RECORDS SUPPLIED:
○ ○ ○ ○ ○

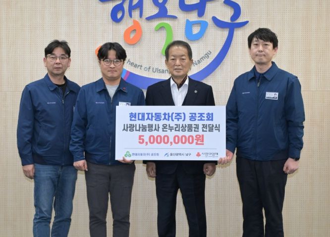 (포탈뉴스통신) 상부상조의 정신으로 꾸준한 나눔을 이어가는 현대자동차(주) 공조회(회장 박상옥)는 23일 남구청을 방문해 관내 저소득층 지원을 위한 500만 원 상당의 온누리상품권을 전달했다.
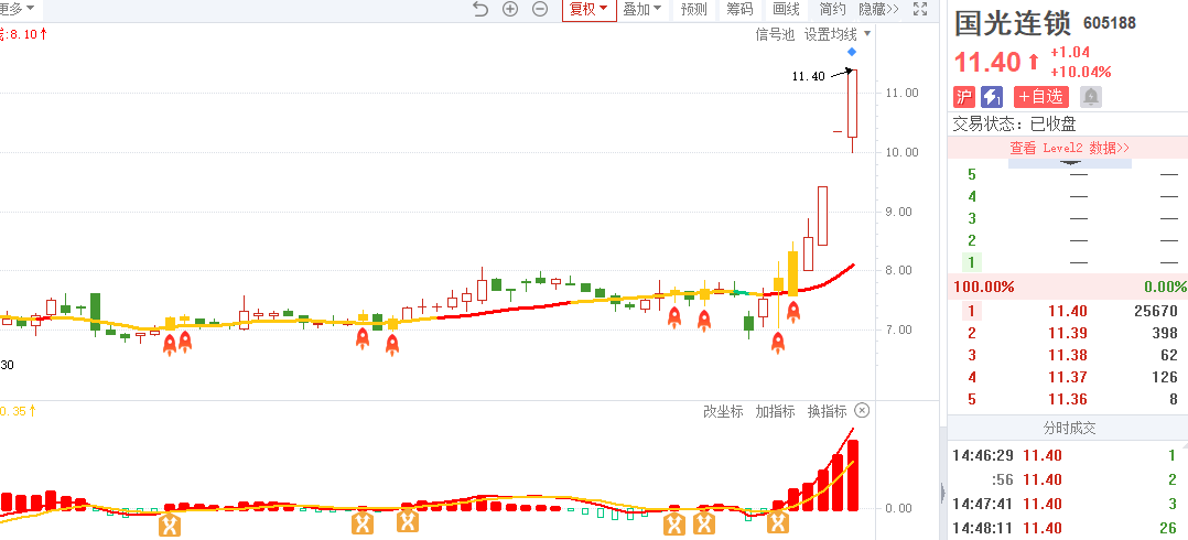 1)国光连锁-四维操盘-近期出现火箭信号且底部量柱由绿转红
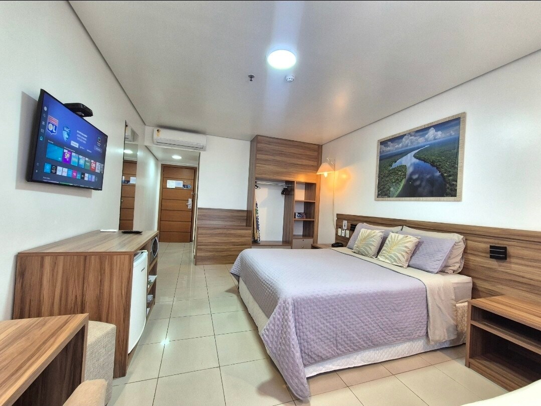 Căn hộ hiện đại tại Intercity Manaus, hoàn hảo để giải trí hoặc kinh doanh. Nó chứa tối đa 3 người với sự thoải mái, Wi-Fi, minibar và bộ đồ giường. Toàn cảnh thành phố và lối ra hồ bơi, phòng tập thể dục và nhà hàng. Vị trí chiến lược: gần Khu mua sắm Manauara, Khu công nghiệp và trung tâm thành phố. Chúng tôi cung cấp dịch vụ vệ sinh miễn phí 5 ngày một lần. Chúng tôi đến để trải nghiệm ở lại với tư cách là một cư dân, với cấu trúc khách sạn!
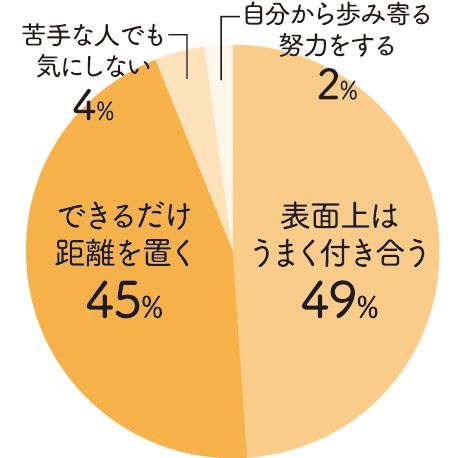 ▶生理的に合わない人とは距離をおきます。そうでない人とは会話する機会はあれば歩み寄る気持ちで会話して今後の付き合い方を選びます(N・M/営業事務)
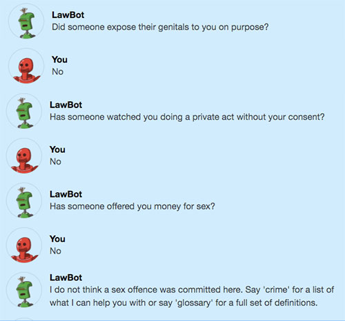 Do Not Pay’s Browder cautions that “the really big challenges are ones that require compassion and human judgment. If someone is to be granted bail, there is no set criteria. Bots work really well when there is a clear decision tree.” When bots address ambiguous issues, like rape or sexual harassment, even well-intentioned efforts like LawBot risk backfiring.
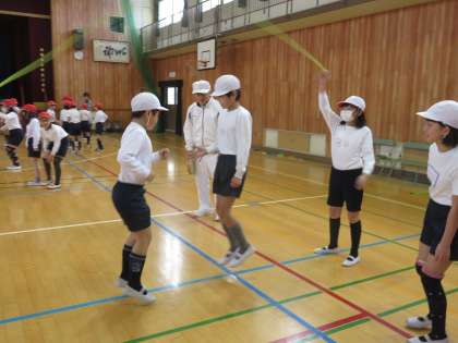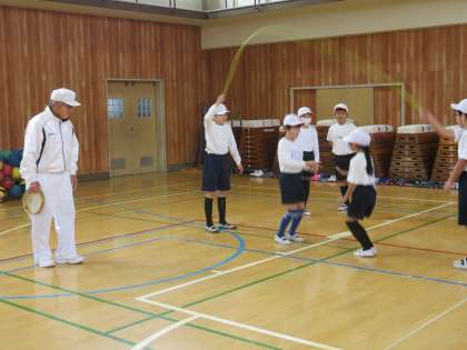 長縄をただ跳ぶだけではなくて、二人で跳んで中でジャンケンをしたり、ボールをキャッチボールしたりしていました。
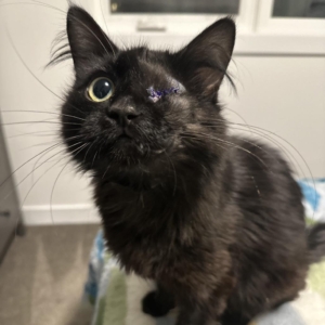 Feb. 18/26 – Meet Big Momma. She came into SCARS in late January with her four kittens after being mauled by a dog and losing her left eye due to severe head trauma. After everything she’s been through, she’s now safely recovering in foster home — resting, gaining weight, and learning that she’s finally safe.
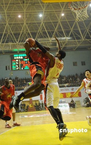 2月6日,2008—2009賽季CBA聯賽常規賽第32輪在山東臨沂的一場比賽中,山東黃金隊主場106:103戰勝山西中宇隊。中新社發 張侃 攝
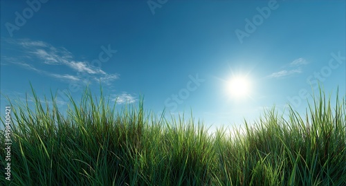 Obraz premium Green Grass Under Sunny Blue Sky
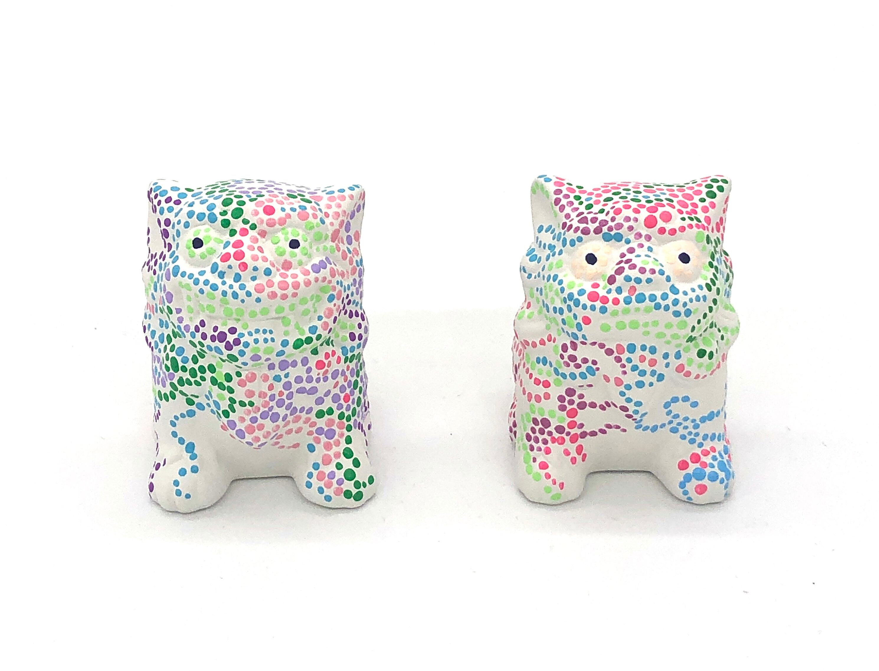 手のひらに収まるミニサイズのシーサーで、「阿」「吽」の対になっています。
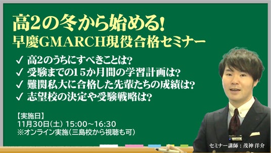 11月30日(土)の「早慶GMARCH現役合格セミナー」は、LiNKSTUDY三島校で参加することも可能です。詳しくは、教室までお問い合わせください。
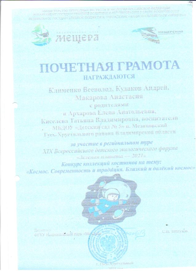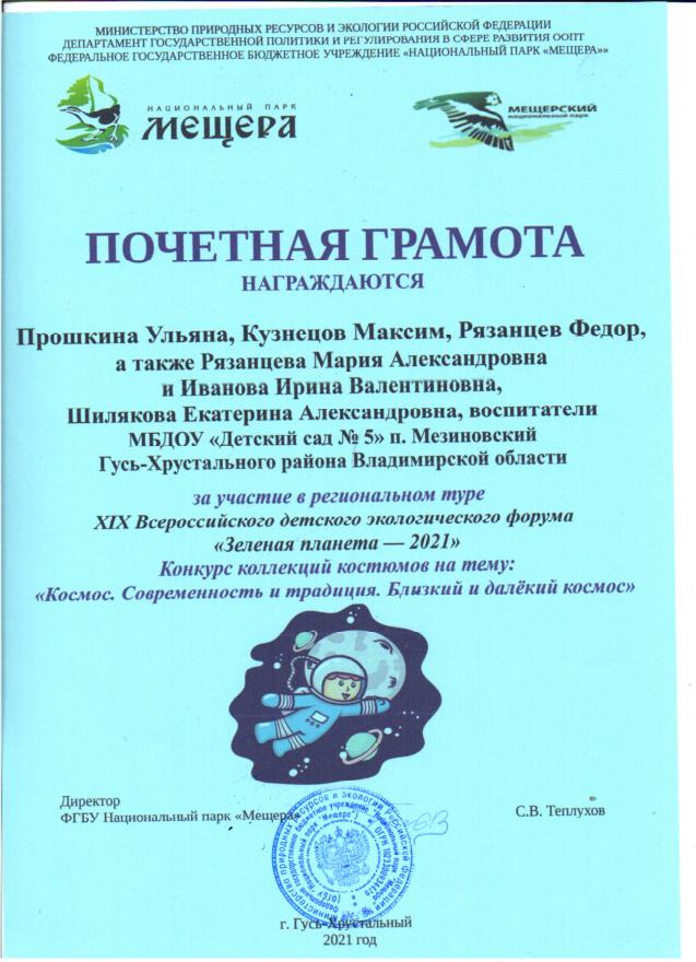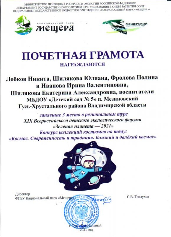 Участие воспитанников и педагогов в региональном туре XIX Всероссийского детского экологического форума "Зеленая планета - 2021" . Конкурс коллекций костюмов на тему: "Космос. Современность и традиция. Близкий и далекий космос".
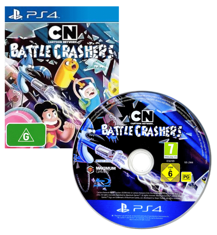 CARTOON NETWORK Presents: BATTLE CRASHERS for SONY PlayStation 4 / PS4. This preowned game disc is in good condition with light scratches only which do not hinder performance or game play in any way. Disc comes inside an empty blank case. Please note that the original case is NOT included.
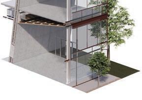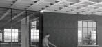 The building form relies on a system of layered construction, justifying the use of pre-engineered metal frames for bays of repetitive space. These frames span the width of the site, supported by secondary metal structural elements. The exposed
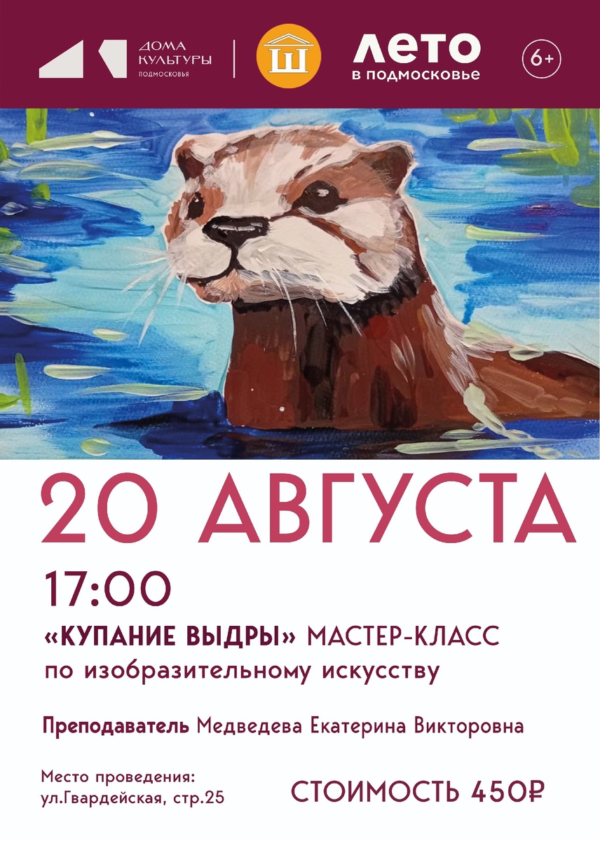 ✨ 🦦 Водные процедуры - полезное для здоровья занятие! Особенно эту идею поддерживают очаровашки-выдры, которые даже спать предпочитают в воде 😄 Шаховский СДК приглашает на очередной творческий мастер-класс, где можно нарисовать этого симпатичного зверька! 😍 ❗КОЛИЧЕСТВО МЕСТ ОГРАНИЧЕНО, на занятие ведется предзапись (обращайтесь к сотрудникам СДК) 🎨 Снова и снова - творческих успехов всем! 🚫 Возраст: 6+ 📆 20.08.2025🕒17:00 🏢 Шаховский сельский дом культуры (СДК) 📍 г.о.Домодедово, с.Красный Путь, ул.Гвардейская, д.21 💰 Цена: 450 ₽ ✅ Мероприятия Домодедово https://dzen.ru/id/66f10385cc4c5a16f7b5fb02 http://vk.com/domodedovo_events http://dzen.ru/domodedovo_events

○ ○ ○ ○ ○

WORK TO BE COMPLETED:
In the copy, omit the pictures and give every line of the data exactly.

SOLUTION TO THIS EXERCISE:
 (포탈뉴스통신) 상부상조의 정신으로 꾸준한 나눔을 이어가는 현대자동차(주) 공조회(회장 박상옥)는 23일 남구청을 방문해 관내 저소득층 지원을 위한 500만 원 상당의 온누리상품권을 전달했다.
 1)国光连锁-四维操盘-近期出现火箭信号且底部量柱由绿转红
 Căn hộ hiện đại tại Intercity Manaus, hoàn hảo để giải trí hoặc kinh doanh. Nó chứa tối đa 3 người với sự thoải mái, Wi-Fi, minibar và bộ đồ giường. Toàn cảnh thành phố và lối ra hồ bơi, phòng tập thể dục và nhà hàng. Vị trí chiến lược: gần Khu mua sắm Manauara, Khu công nghiệp và trung tâm thành phố. Chúng tôi cung cấp dịch vụ vệ sinh miễn phí 5 ngày một lần. Chúng tôi đến để trải nghiệm ở lại với tư cách là một cư dân, với cấu trúc khách sạn!
 ▶生理的に合わない人とは距離をおきます。そうでない人とは会話する機会はあれば歩み寄る気持ちで会話して今後の付き合い方を選びます(N・M/営業事務)
 Do Not Pay’s Browder cautions that “the really big challenges are ones that require compassion and human judgment. If someone is to be granted bail, there is no set criteria. Bots work really well when there is a clear decision tree.” When bots address ambiguous issues, like rape or sexual harassment, even well-intentioned efforts like LawBot risk backfiring.
 長縄をただ跳ぶだけではなくて、二人で跳んで中でジャンケンをしたり、ボールをキャッチボールしたりしていました。
 Feb. 18/26 – Meet Big Momma. She came into SCARS in late January with her four kittens after being mauled by a dog and losing her left eye due to severe head trauma. After everything she’s been through, she’s now safely recovering in foster home — resting, gaining weight, and learning that she’s finally safe.
 2月6日,2008—2009賽季CBA聯賽常規賽第32輪在山東臨沂的一場比賽中,山東黃金隊主場106:103戰勝山西中宇隊。中新社發 張侃 攝
 Obraz premium Green Grass Under Sunny Blue Sky
 手のひらに収まるミニサイズのシーサーで、「阿」「吽」の対になっています。
 11月30日(土)の「早慶GMARCH現役合格セミナー」は、LiNKSTUDY三島校で参加することも可能です。詳しくは、教室までお問い合わせください。
 Участие воспитанников и педагогов в региональном туре XIX Всероссийского детского экологического форума "Зеленая планета - 2021" . Конкурс коллекций костюмов на тему: "Космос. Современность и традиция. Близкий и далекий космос".
 CARTOON NETWORK Presents: BATTLE CRASHERS for SONY PlayStation 4 / PS4. This preowned game disc is in good condition with light scratches only which do not hinder performance or game play in any way. Disc comes inside an empty blank case. Please note that the original case is NOT included.
 The building form relies on a system of layered construction, justifying the use of pre-engineered metal frames for bays of repetitive space. These frames span the width of the site, supported by secondary metal structural elements. The exposed
 ✨ 🦦 Водные процедуры - полезное для здоровья занятие! Особенно эту идею поддерживают очаровашки-выдры, которые даже спать предпочитают в воде 😄 Шаховский СДК приглашает на очередной творческий мастер-класс, где можно нарисовать этого симпатичного зверька! 😍 ❗КОЛИЧЕСТВО МЕСТ ОГРАНИЧЕНО, на занятие ведется предзапись (обращайтесь к сотрудникам СДК) 🎨 Снова и снова - творческих успехов всем! 🚫 Возраст: 6+ 📆 20.08.2025🕒17:00 🏢 Шаховский сельский дом культуры (СДК) 📍 г.о.Домодедово, с.Красный Путь, ул.Гвардейская, д.21 💰 Цена: 450 ₽ ✅ Мероприятия Домодедово https://dzen.ru/id/66f10385cc4c5a16f7b5fb02 http://vk.com/domodedovo_events http://dzen.ru/domodedovo_events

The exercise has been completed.